Sequestrum characteristics: The sequestrum appears pale or white (in contrast to the pink-red of living bone), does not bleed when drilled with a Kirschner wire (the "drill test" — living bone bleeds, avascular bone does not), and is often surrounded by a layer of granulation tissue and pus. The boundary between sequestrum and viable involucrum must be identified precisely. Viable bone bleeds freely; sclerotic but potentially vascular bone may bleed after the first millimetre is drilled. The surgeon uses both visual appearance and the drill test to define the resection margin.

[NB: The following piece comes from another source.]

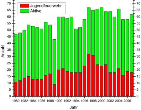 Aktive Mitglieder Was heißt das eigentlich, "aktives" Mitglied zu sein? Alle Mitglieder der Feuerwehr von 16 bis 61 Jahren sind im Normalfall aktiv, das heißt sie haben die Pflicht regelmäßig am Ausbildungsdienst teilzunehmen und selbstverständlich im Einsatzfall - sofern er/sie vor Ort ist - zur Verfügung zu stehen. Ausnahmen gibt es eigentlich nur bei Krankheit. Hieraus ergeben sich zwangsläufig auch die Rechte des Feuerwehrmitgliedes. Nämlich das Recht gegenüber dem Arbeitgeber, die Arbeitsstätte im Einsatzfall jederzeit verlassen zu dürfen. Im Normalfall gibt es hier wenig Probleme, das Verständnis ist fast immer groß, zumal entstehende Unkosten des Arbeitgebers bei der Kommune geltend gemacht werden können. Schwieriger wird es heute jedoch bei der Freistellung zu Ausbildungszwecken. Umso wichtiger ist es, die Bedeutung einer Freiwilligen Feuerwehr immer wieder deutlich zu machen. Nicht zuletzt ein Grund für die Erstellung dieser Seiten. Sie haben Interesse, die Arbeit der Feuerwehr aktiv zu unterstützen? Wir suchen jederzeit interessierte Bürgerinnen und Bürger, die eine abwechslungsreiche ehrenamtliche Aufgabe übernehmen möchten! Melden Sie sich bei uns... Folgende Grafik zeigt die Mitgliederentwicklung der Ortsfeuerwehr Sudweyhe (Stand: 31. Dezember 2007):
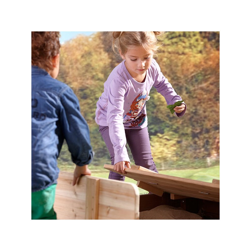 Žaisti medinėje AXI smėlio dėžėje yra kiekvieno vaiko svajonė. Smėlio dėžėje yra du suolai, ant kurių vaikai gali atsisėsti ar pasidėti žaislus. Dėl aukštos kokybės, tvirtos konstrukcijos, atsparios oro sąlygoms, smėlio dėžė puikiai atrodys bet kuriuo metų laiku.

Joint appearances in septic arthritis: On entering a septic joint, the surgeon assesses: (1) pus volume (document in mL), (2) joint lining (hypertrophied, haemorrhagic, or friable synovium indicates more severe infection), (3) articular cartilage surface (intact, fibrillated, or denuded — cartilage loss is irreversible and predicts secondary osteoarthritis), and (4) fibrin deposits (thick loculated fibrin requires manual removal with forceps, not just irrigation). A joint with denuded cartilage at the time of surgery carries a poor functional prognosis and the family must be counselled accordingly postoperatively.
Specimen documentation: Every operative specimen must be logged with: specimen type (pus aspirate, bone biopsy, synovial tissue), anatomical site, volume or size, and appearance. The request form must note the clinical diagnosis, antibiotics already given, and the suspected organism to guide laboratory prioritisation.